3.3. Pattern recognition algorithms

Different algorithms have been employed for indoor location using Bluetooth devices. In this paper we explore the combination of the aforementioned features with the following classification algorithms: random forests (RF), support vector machines (SVM), K-means, hierarchical clustering, and model-based clustering.

RFs are trained by making random partitions in the training dataset and fitting a simple prediction model to each of these partitions. The models are represented as decision trees, where each node tests an attribute, each branch corresponds to an attribute value, and the leaf nodes correspond to classification decisions, as detailed in [9]. All the trees are used in the testing phase: each tree classifies new data into one class (it gives a "vote" for that class) and, finally, the forest chooses the class with more votes across all the trees.

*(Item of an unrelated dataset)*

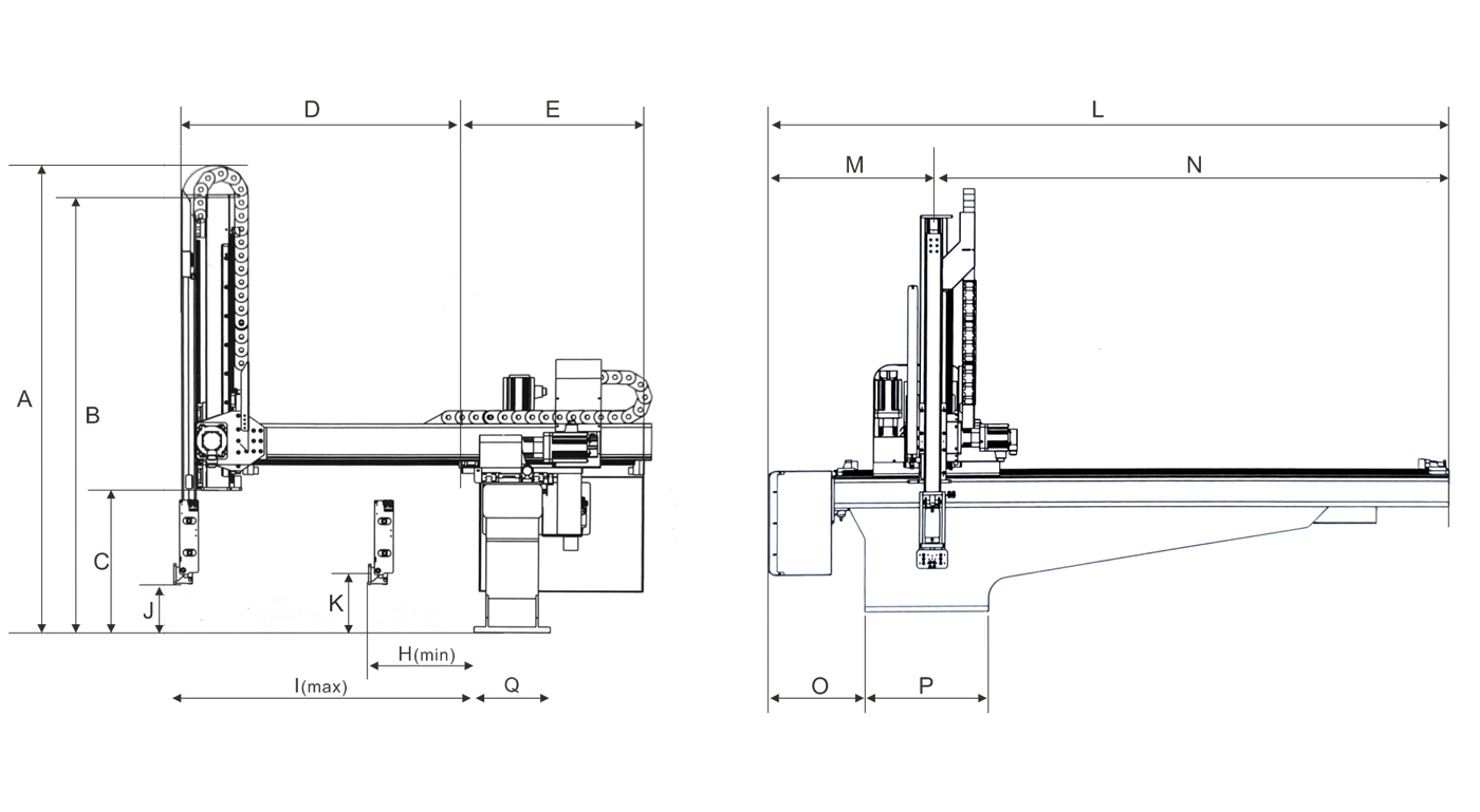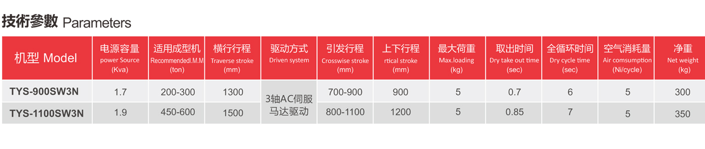 TYS輕型開放式(牛頭式)機械手,標配為雙截開放式,三軸伺服驅動。TYS輕型系列為快速機械手,主要針對一些注塑生產周斯在3-6秒內的產品,如一次性餐盒、刀叉,薄壁包裝產品等。TYS輕型系列機械手最快迴圈週期時間達2.8秒,取物時間達0.6秒...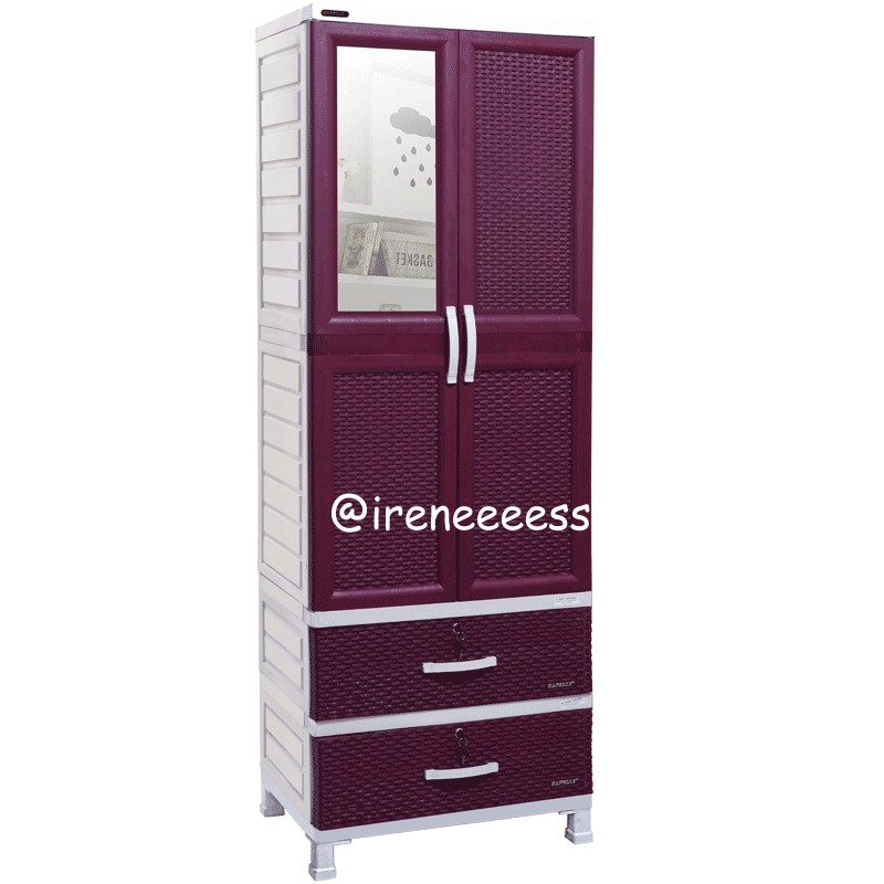 Lemari plastik napolly / lemari pakaian plastik / lemari plastik pakaian / lemari plastik susun. Dilengkapi dengan rak gantung pada bagian atas, rak bagian bawah dapat digunakan sebagai tempat penyimpanan pakaian yang dilipat. Sangat cocok bagi anda yang menyukai tema natural dan mengutamakan efisiensi ruangan kamar anda. Lemari merk napolly 5 susun model pintu penutup seperti laci ini merupakan model lama yang sederhana yang dulu paling populer. Lemari pakaian plastik 2 pintu kapasitas medium dengan motif anyaman, gantungan baju dan cermin rias.

RFs are also a tool to study the validity of the different variables for classification. Two measurements can be calculated from RFs: accuracy and gini. Accuracy represents how performance of the model worsens without each variable: a high decrease in accuracy would be expected for very predictive variables. Gini essentially measures how pure the nodes are at the end of the tree. This procedure can be useful to select subsets of data including only the most relevant variables [10] [11].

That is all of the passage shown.